See this thread for details.
Win a copy of The Business Blockchain this week in the Cloud forum!
  • Post Reply
  • Bookmark Topic Watch Topic
  • New Topic

B&S: Data File Format

 
Alain Dickson
Ranch Hand
Posts: 53
  • Mark post as helpful
  • send pies
  • Quote
  • Report post to moderator
Hi All, need help to understand the data file and its format. I have never worked with files in real life and this is the only part which is not fitting into my understanding.

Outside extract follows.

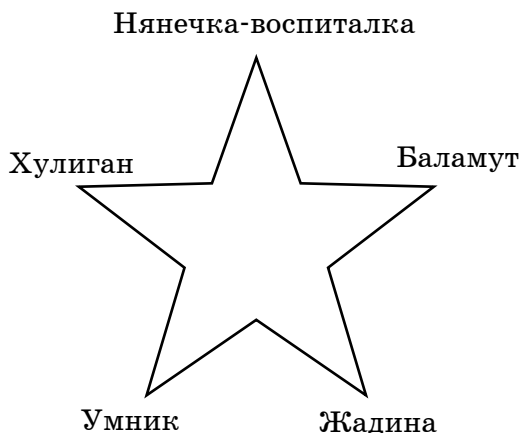
Рис. 2. Звезда архетипов в шуточной форме

и «умник». И, наконец, в каждом присутствует та самая «нянечка-воспиталка», которая поставлена следить за всем этим «детским садом».

FORMAT DESCRIPTION IN INSTRUCTIONS
(I have inserted dashed lines with section names for ease of asking questions):
--------------------SECTION 1--------------------------------
Start of file
4 byte numeric, magic cookie value identifies this as a data file
4 byte numeric, offset to start of record zero
2 byte numeric, number of fields in each record
-------------------SECTION 1 ENDS--------------------------------

-----------------SECTION 2--------------------------------------
Schema description section.
Repeated for each field in a record:
2 byte numeric, length in bytes of field name
n bytes (defined by previous entry), field name
2 byte numeric, field length in bytes
end of repeating block
----------------SECTION 2 ENDS------------------------------------

----------------SECTION 3-----------------------------------------
Data section. (offset into file equal to "offset to start of record zero" value)
Repeat to end of file:
2 byte flag. 00 implies valid record, 0x8000 implies deleted record
Record containing fields in order specified in schema section, no separators between fields, each field fixed length at maximum specified in schema information
----------------SECTION 3 ENDS----------------------------------------

---------------
ACTUAL DATA FILE SUPPLIED WITH MY ASSIGNMENT(HEADER AND SOME OF DATA)AS VIEWED IN WORDPAD.(BUT IT SHOWS DIFFERENT IN HEX EDITOR AND JEDIT). I hope my questions can be answered with this view.

Fname location@
specialties@sizerateownerDogs With Tools Smallville Roofing 7 $35.00 Hamner & Tong Smallville Drywall, Roofing 10 $85.00

--------------------------

QUESTIONS:
1. Can you please seprate different sections of actual data file according to the file format(Eg: which part is "magic cookie", "offset" etc.)
2. Where is the 2 byte flag which indicates valid/deleted record.

Many thanks,
Alain
 
Jeffry Kristianto Yanuar
Ranch Hand
Posts: 759
  • Mark post as helpful
  • send pies
  • Quote
  • Report post to moderator
Hi friend, welcome to the JavaRanch such a lovely place for Java programmer.

2 byte flag. 00 implies valid record, 0x8000 implies deleted record
Record containing fields in order specified in schema section, no separators between fields, each field fixed length at maximum specified in schema information


This is the 2 byte flag which indicates valid/deleted record.

First you have to use RandomAccessFile that point to the database file.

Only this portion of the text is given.